The 2013 finals were held last month and the resounding winners were the New (or Neaveau) Brunswick trio of Julie Aubé, Katrine Noël and Vivianne Roy, better known as Les Hay Babies.

No mean feat for a band that only formed some 18 months ago, primarily because the girls were sick and tired of competing against one another in numerous regional battle of the bands contests. Realising that three heads are better than one, the girls got together and formed Les Hay Babies at the back end of 2011.

On the back of some solid gigging in both their native Canada and the more enlightened (i.e. francophone) regions of Europe, the band last summer released their debut bilingual 6-track EP through their bandcamp webpage.

The band define themselves as Indie-Folk and the EP is a mix of both French and English language songs, all showcase the girls’ tight harmonies, ably backed by their guitar and ukulele… and banjo plucking (it’s country-folk, after al).

The opener, the plaintive sung-in-English “Horse on Fire”, neatly dovetails into the rasping “Chu pas une femme à marier”, both of which are great folk ballads, separated – or more likely united – by the differing languages. In fact the band switch seamlessly between French and English, often mid-song. It’s nice to hear that the girls askew moderating the French-Canadian accent and pronunciation (although this can present a few challenges!)

There’s more than a hint of Chantal Archambault and last year’s Francouvertes winners (and blog favourites) Les Soeurs Boulay, especially on the plaintive “Obsédée” and whistful “Le bear song.”

The band remain truer to their country-folk roots than some of the compatriots, which may make this EP harder to warm to.

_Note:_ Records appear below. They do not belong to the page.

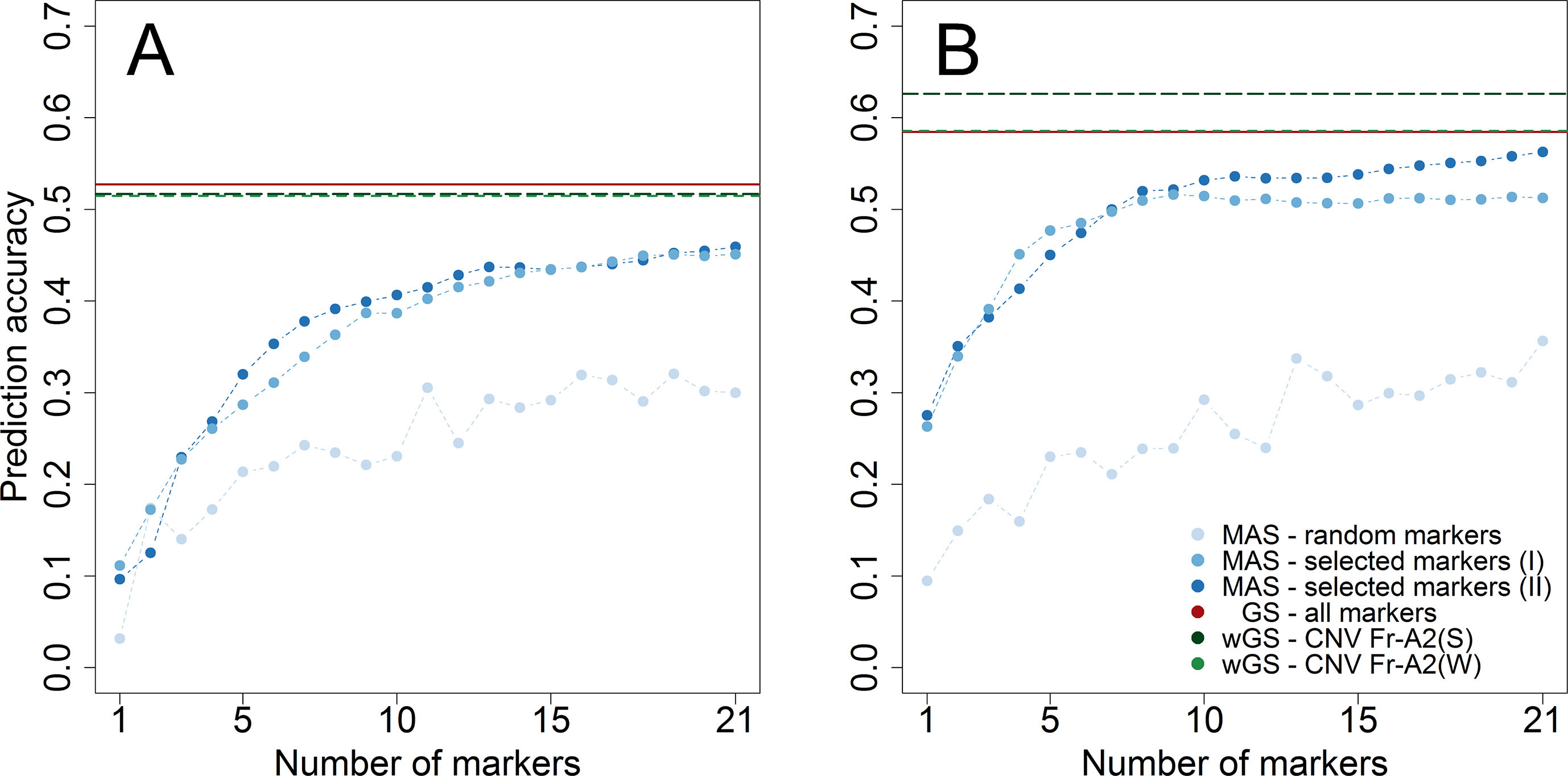 对于抗冻性的预测也可以进行类似的发现,其中用预选标记辅助预测的效果仅比基因组预测(rGS=0.585)稍差(rMAS=0.563)。后者可以通过将Fr-A2基因座的拷贝数变异与单倍体CNV Fr-A2(S)作为固定效应(rwGS=0.626)相关联的模型来进一步改进。
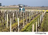 DECHAUSSAGE DE LA VIGNE, POMEROL, VIGNOBLE DU BORDELAIS, GIRONDE, FRANCE - Tracteur emjambeur pour déchausser la vigne au printemps (vigne chaussée à l'automne pour la protéger du froid) - Pomerol - 33 - Gironde - [pas d'autorisation nécessaire]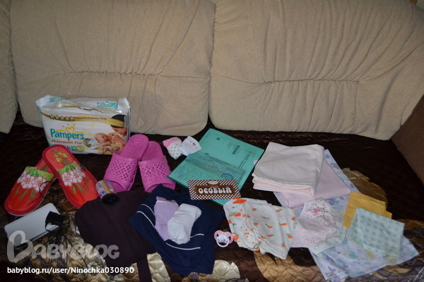 - одежда малышке: 2 пеленки - фланелевая и ситцевая, распашонка, ползунки, царапки, 2 чепчика и конверт.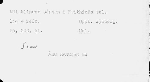 //// ! //// Väl klingar sången i Frithiofs sal, 1:4 refr. Uppt. Sjöberg. //// Ro. 203, 61. Mel ,. //// S0-eLsO //// ÅBO RANCKEN LS : //// i //// k ////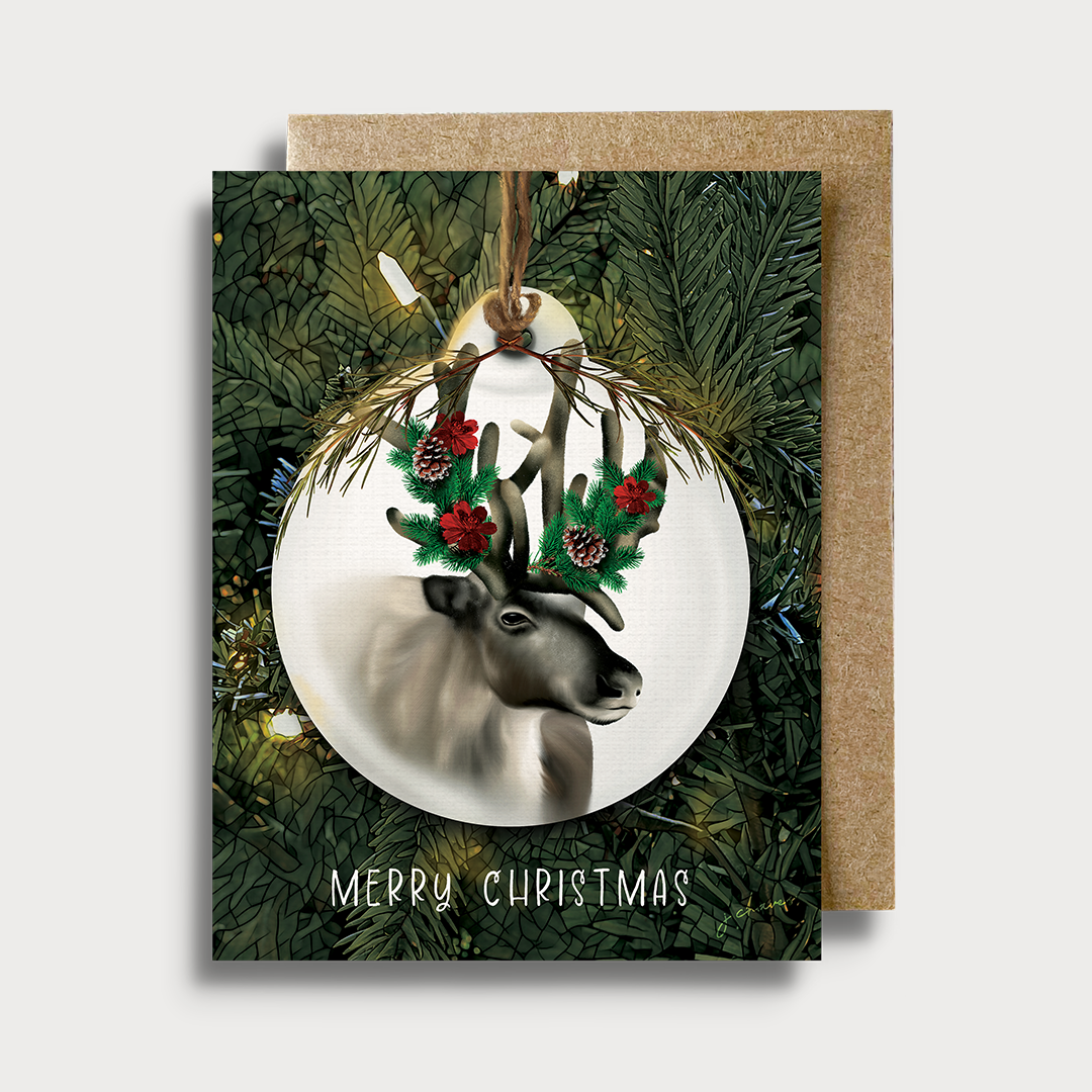 A cheerful and pun-filled holiday card featuring a hand-painted moose all dressed up in festive winter gear. With the lighthearted greeting “Merry Christmoose,” this card is a cozy and fun way to spread Christmas joy — especially for animal lovers and fans of seasonal puns. Front: Merry Christmoose Inside: Blank A whimsical and wintry card perfect for Christmas greetings, stocking stuffers, or seasonal smiles Ideal for friends, family, coworkers, or anyone who appreciates a good pun 5 x 7" (12.7 x 17.4 cm) card Includes matching envelope (5.25 x 7.25") Blank inside for your personal message Designed and printed in Canada A fun and festive addition to holiday card walls, Canadian-themed displays, or punny winter collections.

Stick with it as it is well worth the effort and appreciate the girls’ vocal harmonisation and finally crafted and beautifully sympathetic songs.

Amongst the prizes, as winners of the Francouvertes, the girls win some quality recording time an distribution of the resulting album. Hopefully this should be available later this year or early 2014…

(Thanks for this guestpost, Steve!)

Written by guuzbourg

French girls, singing. No, sighing. Making me sigh. Ah.

This article has 6 comments

  1. Pingback: » Hay Babies!

  2. Sky

    “Fainali, xen, aafte sam 20 iers ov orxogrefkl riform, wi wud hev a lojikl, kohirnt speling in ius xrewawt xe Ingliy-spiking werld.”
    ― Mark Twain

  3. SteveinSoCal

    Hi Natasha, typos are the bane of my life! Seriously thougj, thanks for the Wiki link, which goes some way as to why the band’s between song patter at the Francouvertes and their song lyrics were scattered with English. As for the New / Nouveau – I’d pulled some background off of the bands website (in FR – hence Nouveau Brunswick), but I take your point. Then again, does this mean I need to write “Marseilles” rather than “Marseille”?

  4. Theo

    Nice! (Because of where they’re from) is this the more archaic Acadian French of New Brunswick than the joual you hear in Quebec?